I am an undergraduate from Shanghai Jiao Tong University, School of Mechanical Engineering. My advisor is Prof. Chen Xie.
🎓 Education
- 2022.09 - present, Shanghai Jiao Tong University, School of Mechanical Engineering, Shanghai, B.S.
- 2025.09 - 2026.01,
National Taiwan University, Department of Computer Science, Taiwan, Intern
📝 Publications & Patents
- Hao-Hui Xie, Ho-Lam Chung, Yi-Cheng Lin, Ke-Han Lu, Wenze Ren, Xie Chen, and Hung-yi Lee. “TW-Sound580K: A Regional Audio-Text Dataset with Verification-Guided Curation for Localized Audio-Language Modeling.” Under Review, Interspeech 2026, arXiv:2603.05094. [Paper]
- Tengjie Zhu, Guanyu Cai, Yang Zhaohui, Guanzhu Ren, Hao-Hui Xie, ZiRui Wang, Junsong Wu, Jingbo Wang, Xiaokang Yang, Yao Mu, and Yichao Yan. “CLOT: Closed-Loop Global Motion Tracking for Whole-Body Humanoid Teleoperation.” Under Review, RSS 2026, arXiv:2602.15060. [Paper]
🏅 Honors & Awards
- 2023.02 Mathematical Contest in Modeling (MCM), Award M
- 2023.12 SJTU Academic Excellence Scholarship (Category C)
- 2024.12 SJTU Academic Excellence Scholarship (Category B)

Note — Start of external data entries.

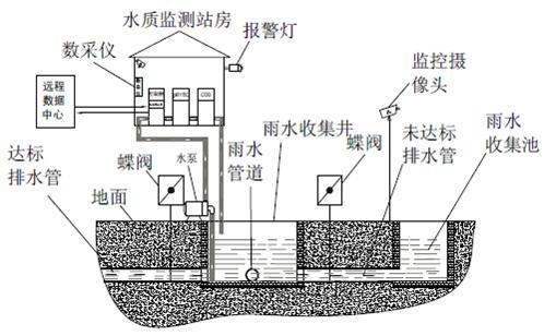 監測系統控制采樣單元將水樣導入監測室,并啟動監測水質的COD、pH、電導率等常規參數。達標雨水通過電控閥門排入市政雨水管網,一旦超標電控閥門關閉,禁止雨水排入市政雨水管網,并通過水泵將超標雨水泵入企業污水處理系統處理,達標后排放至市政污水管網。同時所有監測數據經由數據采集單元將數據統計后,由傳輸設備傳輸至企業監測中心或環保局,由此完成對雨水排放自動、實時、連續監控。
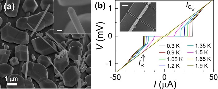 □ Professor Yong-Joo Doh and Professor Bongsoo Kim use a superconducting aluminum electrode on silver-selenium (Ag2Se) phase-insulated nanowire to fabricate a super-current transistor. The statistical measurement of the superconducting-steady-state current distribution in the vicinity of the critical current of the superconducting current in the device has experimentally observed that a macroscopic quantum penetration of superconducting current occurs at an absolute temperature of less than 0.8 Kelvin.
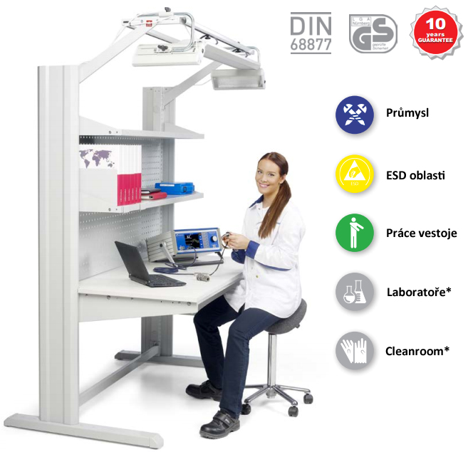 * Pro cleanroom (klasifikace 3) a laboratoře jsou dostupné židle pouze na základě požadavku zákazníka. Kontaktujte nás pro bližší informace.

- 2024.05 SJTU Outstanding Student Leader
📌 Academic Conferences
Attended the 17th Asian Conference on Machine Learning (ACML 2025) in Taipei, Taiwan.
💻 Research Experience
- 2025.04 - present, ScaleLab at Shanghai Jiao Tong University, Advisor: Yao Mark Mu
- 2025.07 - 2025.08, Zhejiang Lingqiao Intelligent Technology Co., Ltd., AI & Embedded Systems Intern
- 2025.09 - 2026.01, Speech Processing Lab, National Taiwan University, Advisor: Hung-yi Lee
- Fine-tuned large-scale Taiwanese speech–language models using the DeSTA2.5 framework, integrating Llama3-8B as the text backbone and Whisper-v3 as the acoustic encoder. Implemented LoRA-based alignment and timestamp-aware fine-tuning to enhance accent adaptation and improve ASR robustness across diverse regional dialects.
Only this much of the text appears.